Lebih dari 200 gejala telah disebutkan bersama dengan gejala umum seperti kelelahan, sesak napas, dan disfungsi kognitif.
“Fokusnya saat ini adalah membantu pasien, membantu dokter dengan alat untuk mendiagnosis COVID jangka panjang secara akurat dan mendeteksinya sejak dini,” katanya.
Pasien seperti Vanek juga mengalami kesulitan keuangan. Dia telah mengajukan dua kasus ke pengadilan untuk mendapatkan lebih banyak dukungan, namun keduanya belum disidangkan.
Dia mengatakan dukungan kurang dari $840 yang dia terima tidak dapat menutupi pengeluarannya, termasuk tagihan medis yang tinggi untuk sejumlah besar pil yang dia perlukan untuk mengendalikan gejalanya.

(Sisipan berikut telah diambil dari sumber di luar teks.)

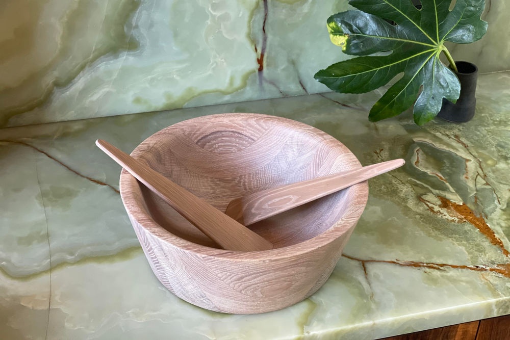Hand-carved from black walnut, ebonized oak, or white oak, the Lena Bowl is an ideal centerpiece for a dining table or credenza.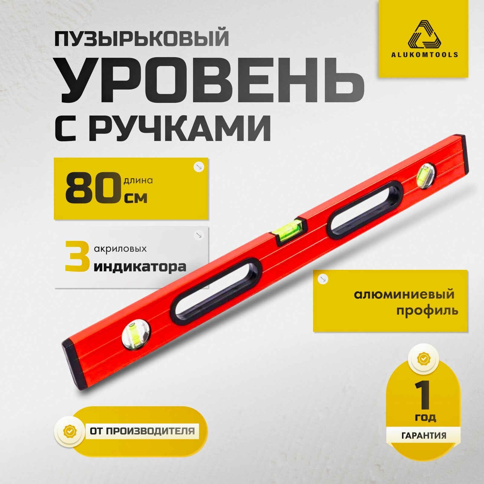 Уровень строительный окрашенный пузырьковый с ручками, 80 см, алюминиевый, ALUKOMTOOLS: сравнение цен, характеристики, фото, актуальное наличие и цены.

“Sangat sulit bagi siswa yang sudah lama mengidap COVID. Kita terjerumus ke dalam celah sistem sosial dan tidak bisa mulai bekerja, katanya.
Britt juga menginginkan penelitian yang lebih spesifik mengenai kondisi pasca infeksi seperti long COVID.
“Kita harus memahami mereka dengan lebih baik karena akan ada pandemi lagi dan kita akan menjadi tidak mengerti seperti biasanya,” katanya.